Pinceladas literarias: La casita de la playa un cuento de Analía M. Angeli

Vía Tres Arroyos te presenta una nueva entrega de Pinceladas literarias, la sección a cargo de Valentina Pereyra, en esta ocasión con un cuento de Analía M. Angeli-

La casita de la playa

Coral se despertaba agitada, bañada en transpiración, con una sensación punzante en el pecho. El sueño se repetía desde hacía meses. Estaba en una casa, en lo alto de una duna, enfrente veía una playa ancha de arena finísima y clara. La construcción era de madera blanca brillante, asentada encima de unos pilares, enfrente tenía un gran ventanal sobre una terraza que miraba al mar. Era el atardecer, montado sobre un horizonte de anaranjados furiosos. Ella estaba sentada en la terraza, arrullada por el sonido eterno y ronco de las olas. Veía, hipnotizada, cómo el mar se adentraba, tendiendo un manto de terciopelo azul sobre la playa y luego retrocedía dejando manchones irregulares y oscuros sobre la arena, como un pintor poco inspirado que abandonaba su obra para seguirla después. La tarde era fresca y el viento, porfiado, revoleaba arena de un lado a otro. De a poco las sombras se tragaban los colores de la tarde, salpicando un cielo de Vía Láctea sobre su cabeza. La noche se imponía, el viento se revolvía en ráfagas cada vez más fuertes, pegándole los pelos en la cara y haciéndola temblar de frío. Se levantaba y daba la vuelta para cruzar el ventanal, pero algo la detenía: eran voces que venían de algún lugar; no entendía qué decían hasta que distinguía una voz de hombre que gritaba suplicante “María, no lo hagas”, “María, no me dejes, por favor”. Las frases resonaban y resonaban como en un eco, hasta que se disolvían en la nada. El viento traía un penetrante olor a lavanda; era tan intenso que la sofocaba. Allí siempre despertaba.

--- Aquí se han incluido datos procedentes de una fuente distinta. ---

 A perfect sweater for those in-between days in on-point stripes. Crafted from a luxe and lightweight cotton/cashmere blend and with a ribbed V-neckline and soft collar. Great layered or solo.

Coral tendría once o doce años cuando el sueño de la casita se instaló en sus noches. A medida que pasaron los años, lo que recordaba al despertar era más detallado. No se animaba a contarle a nadie, guardaba esas imágenes nocturnas bajo siete llaves, ni siquiera se atrevía a hablar de eso en su terapia. Cambió de psicóloga varias veces desde que era chica, no por decisión propia; sus abuelos siempre le decían “Esa psicóloga tampoco te ayuda”. Cuando se producían estos cortes en sus terapias, se quedaba con la sensación de que su interior era un mar enorme, en calma como el de su sueño, pero solo en la superficie. Tenía una certeza no comprobada: un monstruo oscuro, grande y escurridizo se movía en las profundidades. Intuía que ese sueño tenía más para mostrar, sospechaba que en algún momento se convertiría en pesadilla; pero nunca ocurría; siempre terminaba igual: el ruido perenne de las olas, el viento helado, los gritos, el olor a lavanda. ¿Dónde estaba el monstruo?

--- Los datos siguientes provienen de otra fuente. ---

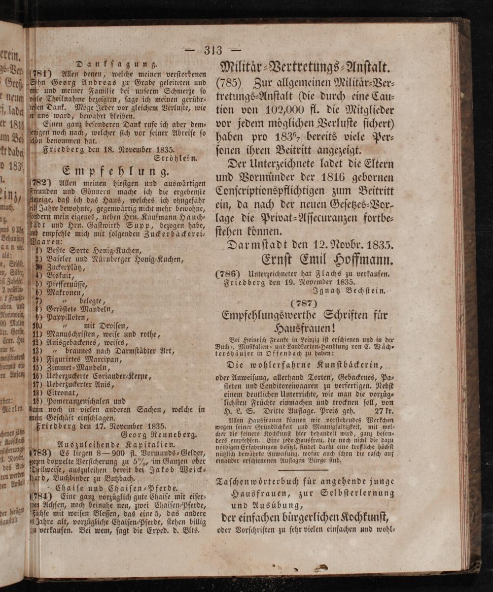 Mo tlet, hann noch in vielen anderen Sachen, welche in mein Geſchäft einſchlagen. 4 Friedberg den 17. November 1835. genen fie 1 Georg Renneberg. r hn Auszuleihende Kapitalien.

Mientras la vida se movía entre la casa de la ciudad, la escuela, los veranos en la playa, la familia, los amigos, esa pregunta era una compañera tormentosa y fiel. Las páginas de sus diarios íntimos narraban el sueño del derecho y del revés, los detalles cada vez más precisos y la pregunta del final ¿Dónde está el monstruo?, escrita en diferentes tipografías marcaba las hojas por todas partes.

Al terminar la universidad, se fue de vacaciones a unas playas del sur, para cambiar de aires. Un amigo de la uni era chubutense y siempre hablaba de Rada Tilly, un pueblo muy cerca de Comodoro Rivadavia, que tenía unas playas hermosas y el clima era espectacular. Tanto insistió, que finalmente armaron un viaje para festejar la recibida. El amigo de Coral tenía su casa paterna en Comodoro por lo que buscaron un apart hotel en el balneario para quedarse; así aprovecharían sus últimos diez días como profesionales no asalariados, según decían ellos. Después volverían cada uno a la vida normal, para convertirse en adultos hechos y derechos. Cada día lo disfrutaban al máximo recorriendo el pueblo, yendo a la playa hasta que oscurecía; algunas veces volvían después de cenar a sentarse en la arena y tomarse una cerveza plantándole cara al frío viento marítimo.

Una tardecita cálida, los anaranjados del horizonte le hicieron recordar aquel sueño que hacía tiempo no la visitaba. Dejó un rato a sus amigos y se acercó a la orilla, cerró los ojos, se soltó el pelo y se dejó arrullar por el ir y venir de las olas, que le lamían los pies. El vestido verde agua se le pegaba al cuerpo, el pelo largo flameaba al compás de las ráfagas. Sintió una mano en su hombro y pensó que era uno de sus amigos; pero al abrir los ojos se encontró con una mujer de mediana edad que la observaba. Coral escuchó cómo se le quebraba la voz al decirle: María, volviste”. La mujer levantó una mano para tocarle la cara pero ella, espantada, dió un salto hacia atrás y le dijo: “Disculpe señora, no me llamo María, seguro me confundió.” No dejó que la mujer hablara otra vez, se alejó rápido y regresó con sus compañeros.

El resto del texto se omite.